Fourthly, breaking the intermediary markup model is the true exploration needed for the future. On one hand, platforms need to further optimize their business models and reduce excessive reliance on commissions. They can draw inspiration from innovative models, such as diversifying into food delivery, small parcel transportation, and other businesses to achieve income diversification, providing drivers with more income sources and further reducing the commission pressure on the single online ride-hailing business. Other platforms can also explore similar diversified development paths by expanding into new businesses and tapping into new profit growth points to reduce their reliance on driver commissions.

On the other hand, platforms should improve their order dispatching mechanisms and income structures.
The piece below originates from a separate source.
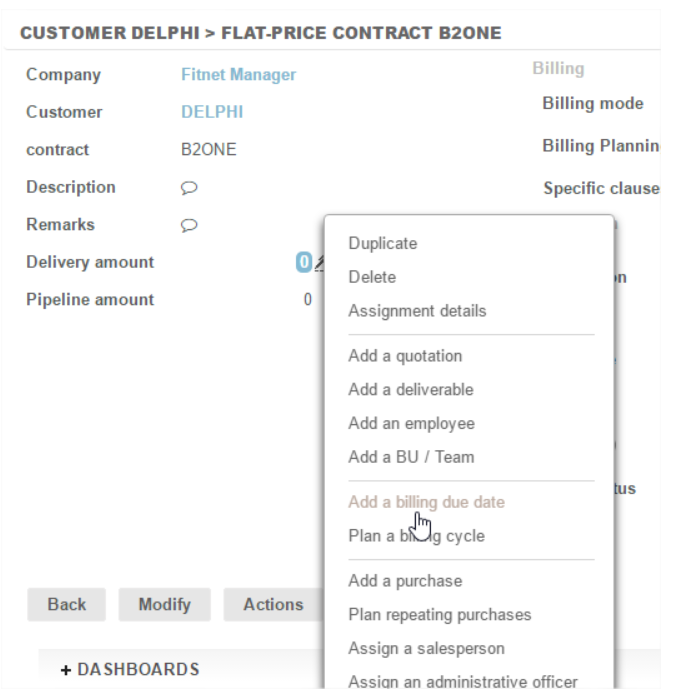 In "Invoicing schedule = Contract and Deposit" Fitnet automatically generates proposed invoices according to the parameters entered on the contract: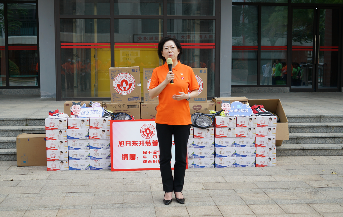 紧接着,海口市社会福利院院长唐凤英致辞。她首先感谢尊龙药业集团、旭日东升慈善基金会7年来,对海口市社会福利院的持续关注和无私帮助。她特别提到,2022年由尊龙药业集团捐资建设的“爱·护”项目医护隔离观察区,帮助福利院的孩子们渡过了疫情防控的难关。今年,熟悉的尊龙人又来到了福利院陪伴孩子们,给予了这里的小朋友们爱的力量。

They can optimize the order dispatching logic to ensure fair and reasonable order allocation, avoiding excessive income disparities among drivers due to unreasonable order distribution. Additionally, besides lowering commissions, they can incentivize drivers to improve their service levels and increase their incomes by setting multi-dimensional reward mechanisms, such as service quality awards and green travel awards.

It can be said that the collective commission reduction by online ride-hailing platforms marks the industry's official entry into the "post-money-burning era." However, this is merely the beginning of transformation. Facing new challenges brought by the aggregation model, the industry must go beyond simple commission adjustments and deeply consider how to reconstruct the value distribution mechanism. Only by finding a truly low-transaction-cost business model can it break through the current predicament; otherwise, it risks falling into a vicious cycle and failing to truly drive industry development.